Problem to solve:
Please write out the lines of the data exactly, beginning with the first and ending with the line containing "Mėgaukitės poilsiu gryname"; leave the pictures behind.

Exercise input:
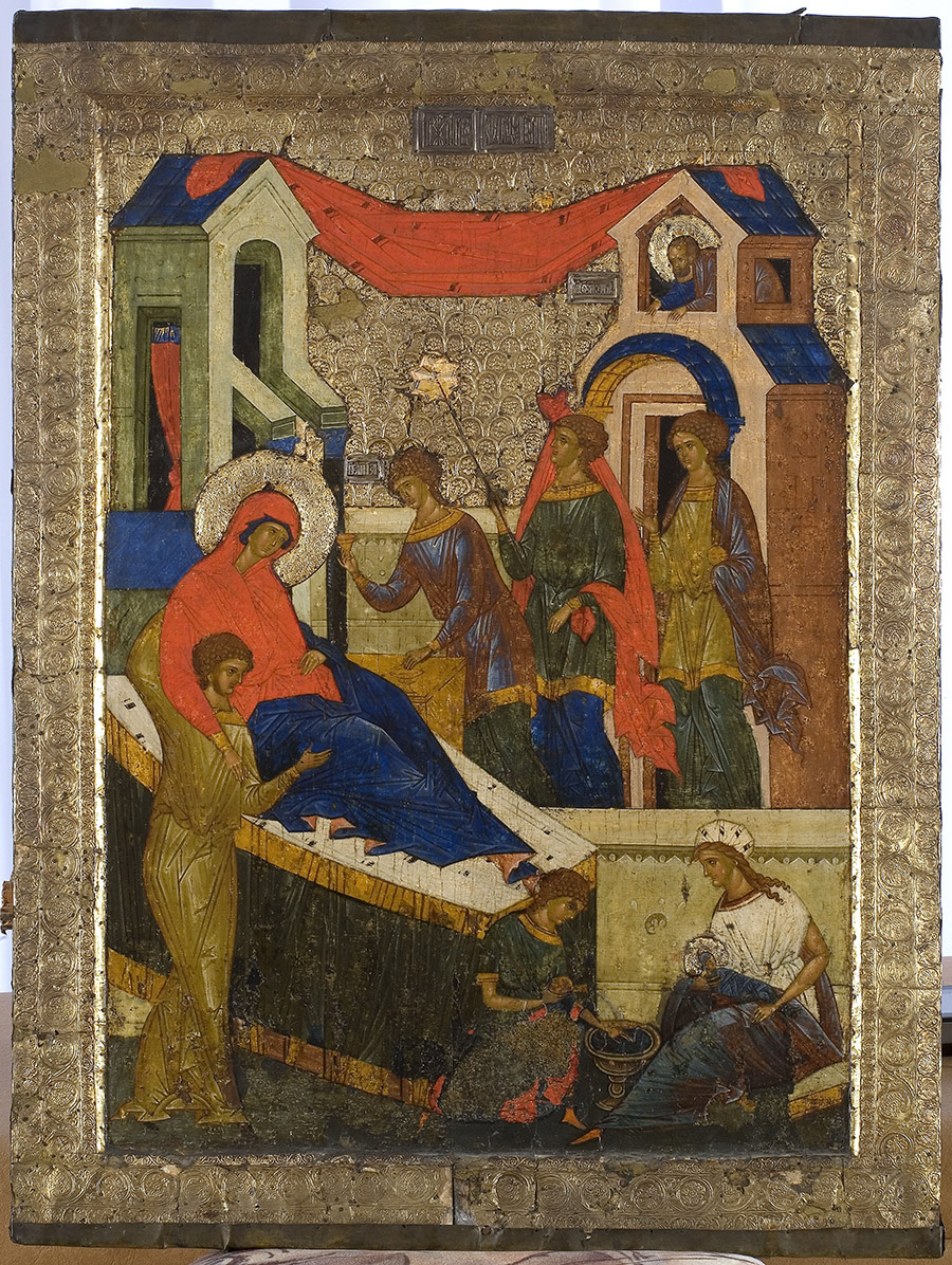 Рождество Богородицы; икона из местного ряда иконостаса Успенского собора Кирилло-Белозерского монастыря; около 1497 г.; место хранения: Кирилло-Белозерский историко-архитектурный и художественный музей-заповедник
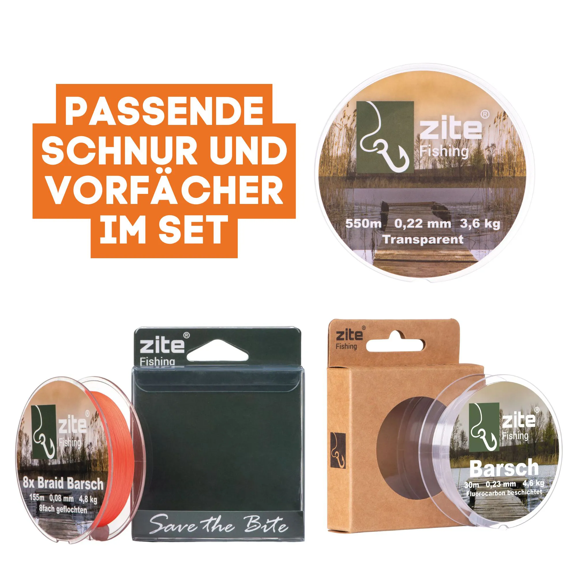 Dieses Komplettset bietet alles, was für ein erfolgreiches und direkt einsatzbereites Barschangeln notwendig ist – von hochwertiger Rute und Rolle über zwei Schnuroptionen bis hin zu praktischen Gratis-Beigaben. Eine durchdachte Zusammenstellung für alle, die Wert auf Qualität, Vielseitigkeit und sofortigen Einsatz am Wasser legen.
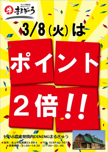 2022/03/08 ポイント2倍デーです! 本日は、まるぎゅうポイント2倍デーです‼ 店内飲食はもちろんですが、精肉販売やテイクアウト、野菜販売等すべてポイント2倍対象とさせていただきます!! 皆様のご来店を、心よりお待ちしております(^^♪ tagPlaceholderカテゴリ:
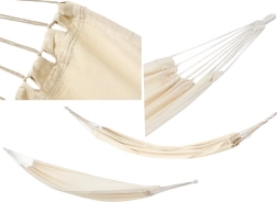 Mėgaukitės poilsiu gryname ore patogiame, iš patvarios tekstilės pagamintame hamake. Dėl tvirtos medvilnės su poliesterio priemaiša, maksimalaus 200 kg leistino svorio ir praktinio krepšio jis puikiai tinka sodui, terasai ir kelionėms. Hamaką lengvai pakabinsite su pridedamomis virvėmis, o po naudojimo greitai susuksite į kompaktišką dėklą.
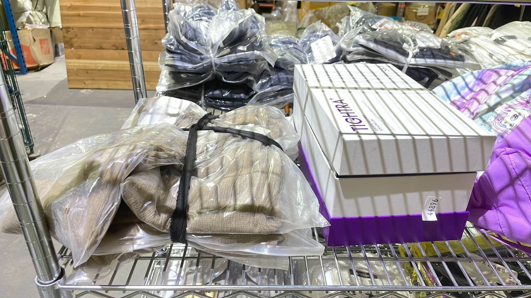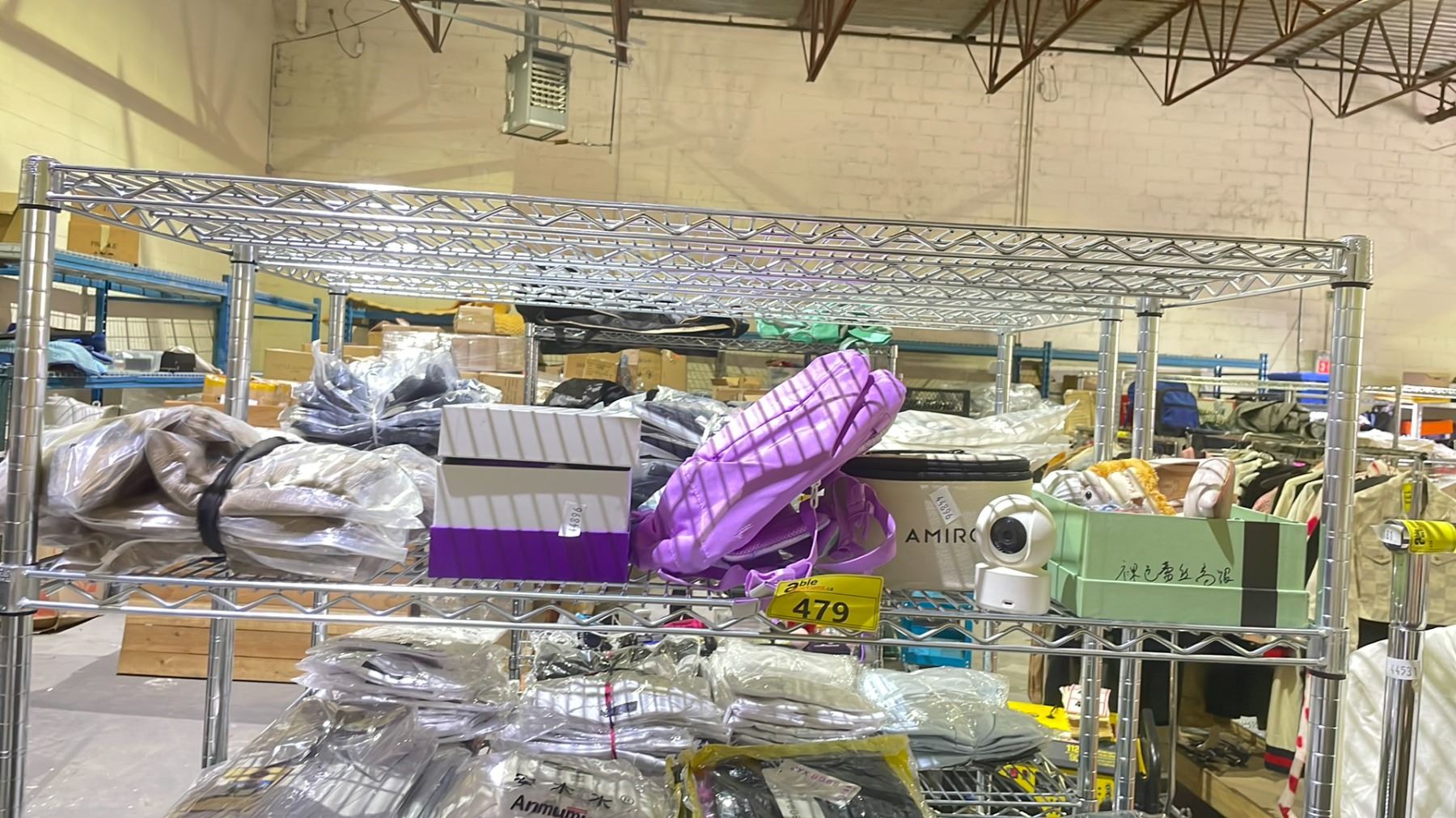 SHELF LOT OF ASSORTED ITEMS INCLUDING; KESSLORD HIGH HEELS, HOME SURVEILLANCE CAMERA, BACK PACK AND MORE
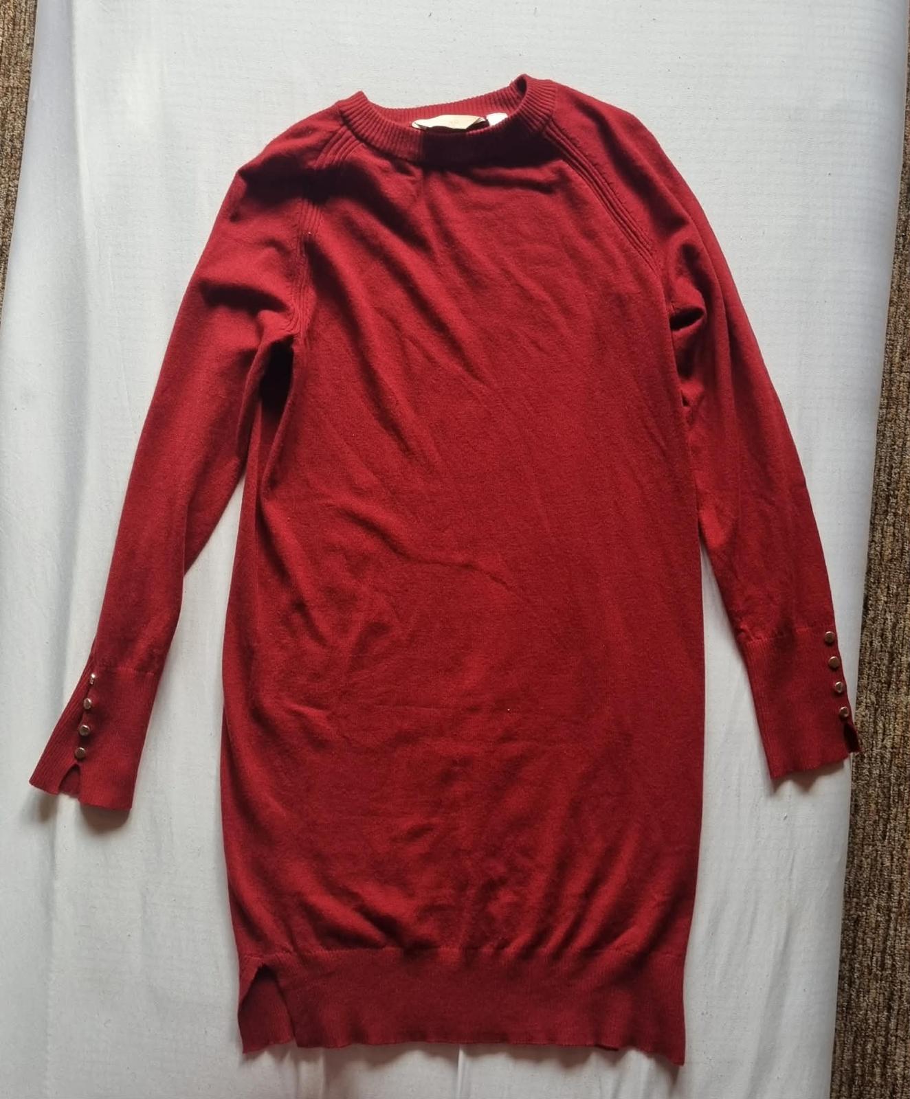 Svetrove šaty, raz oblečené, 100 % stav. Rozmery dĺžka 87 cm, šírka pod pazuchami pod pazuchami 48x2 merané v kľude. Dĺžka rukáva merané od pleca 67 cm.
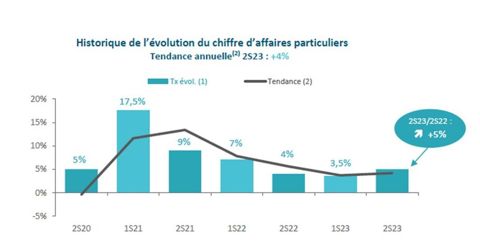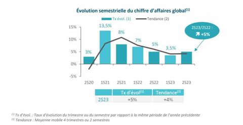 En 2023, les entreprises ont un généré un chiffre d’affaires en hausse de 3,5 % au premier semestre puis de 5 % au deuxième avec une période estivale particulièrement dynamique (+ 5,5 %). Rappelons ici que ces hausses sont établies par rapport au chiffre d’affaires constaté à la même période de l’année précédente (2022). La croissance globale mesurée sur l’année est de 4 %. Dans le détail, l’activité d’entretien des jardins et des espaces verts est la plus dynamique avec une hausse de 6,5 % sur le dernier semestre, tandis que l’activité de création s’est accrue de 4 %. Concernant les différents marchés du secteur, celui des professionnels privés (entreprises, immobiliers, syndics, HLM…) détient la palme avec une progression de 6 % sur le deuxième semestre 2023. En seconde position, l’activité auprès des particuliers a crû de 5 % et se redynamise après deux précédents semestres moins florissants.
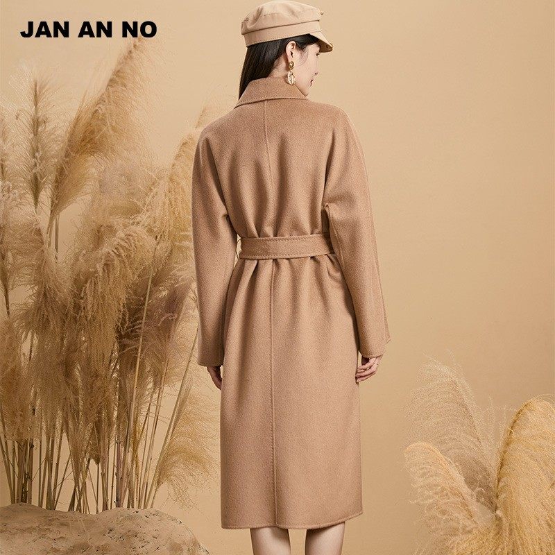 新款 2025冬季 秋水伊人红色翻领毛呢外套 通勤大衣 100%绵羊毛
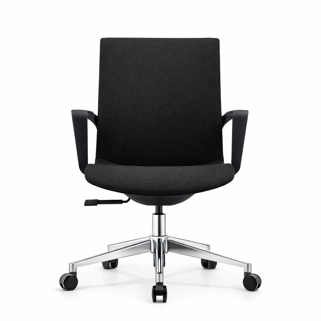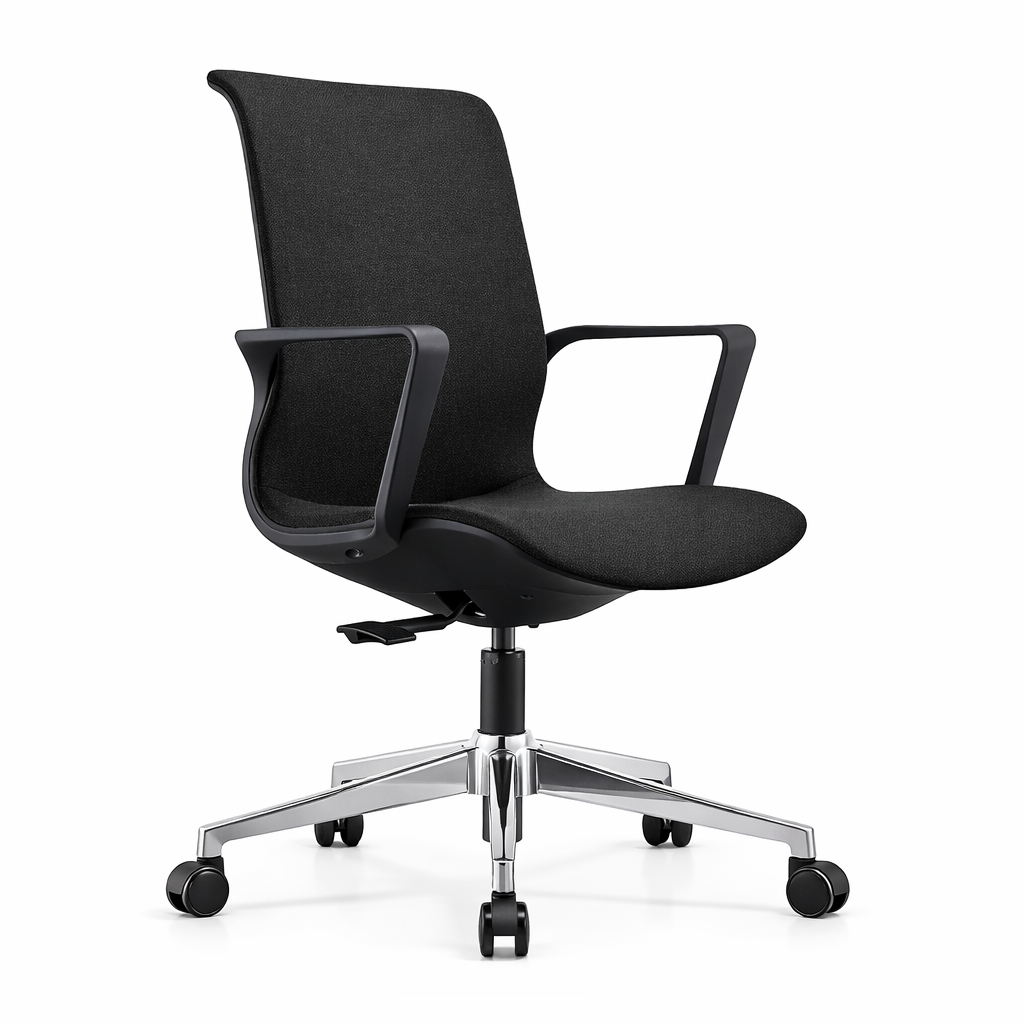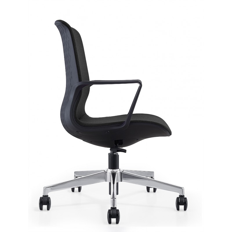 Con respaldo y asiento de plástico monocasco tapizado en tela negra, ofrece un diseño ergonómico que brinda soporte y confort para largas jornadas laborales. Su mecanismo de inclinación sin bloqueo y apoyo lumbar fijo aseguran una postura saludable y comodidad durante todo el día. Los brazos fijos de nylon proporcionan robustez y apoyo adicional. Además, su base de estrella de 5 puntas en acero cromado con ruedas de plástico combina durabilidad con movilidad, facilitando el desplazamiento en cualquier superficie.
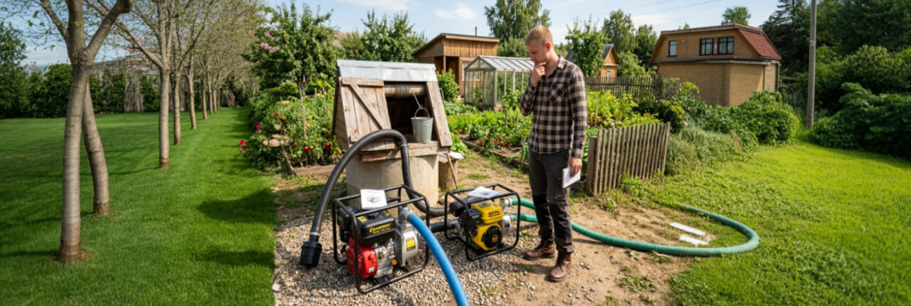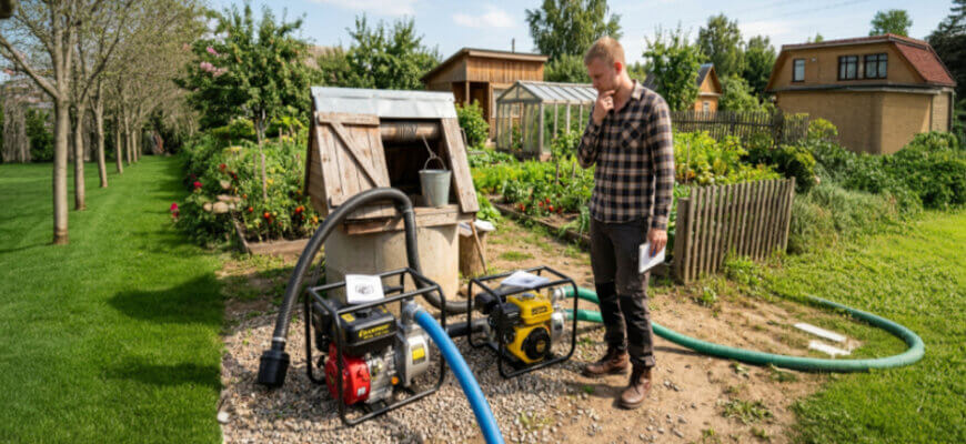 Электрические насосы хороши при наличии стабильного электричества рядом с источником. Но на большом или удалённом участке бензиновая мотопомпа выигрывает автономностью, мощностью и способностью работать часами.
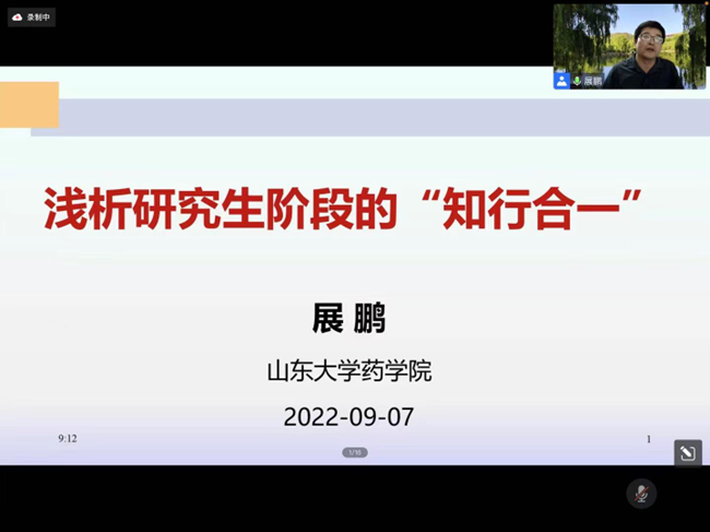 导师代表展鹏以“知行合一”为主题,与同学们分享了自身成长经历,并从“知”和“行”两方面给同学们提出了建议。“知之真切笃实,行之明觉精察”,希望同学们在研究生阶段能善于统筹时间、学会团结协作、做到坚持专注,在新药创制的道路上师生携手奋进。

Your solution:
 Рождество Богородицы; икона из местного ряда иконостаса Успенского собора Кирилло-Белозерского монастыря; около 1497 г.; место хранения: Кирилло-Белозерский историко-архитектурный и художественный музей-заповедник
 Dieses Komplettset bietet alles, was für ein erfolgreiches und direkt einsatzbereites Barschangeln notwendig ist – von hochwertiger Rute und Rolle über zwei Schnuroptionen bis hin zu praktischen Gratis-Beigaben. Eine durchdachte Zusammenstellung für alle, die Wert auf Qualität, Vielseitigkeit und sofortigen Einsatz am Wasser legen.
 2022/03/08 ポイント2倍デーです! 本日は、まるぎゅうポイント2倍デーです‼ 店内飲食はもちろんですが、精肉販売やテイクアウト、野菜販売等すべてポイント2倍対象とさせていただきます!! 皆様のご来店を、心よりお待ちしております(^^♪ tagPlaceholderカテゴリ:
 Mėgaukitės poilsiu gryname ore patogiame, iš patvarios tekstilės pagamintame hamake. Dėl tvirtos medvilnės su poliesterio priemaiša, maksimalaus 200 kg leistino svorio ir praktinio krepšio jis puikiai tinka sodui, terasai ir kelionėms. Hamaką lengvai pakabinsite su pridedamomis virvėmis, o po naudojimo greitai susuksite į kompaktišką dėklą.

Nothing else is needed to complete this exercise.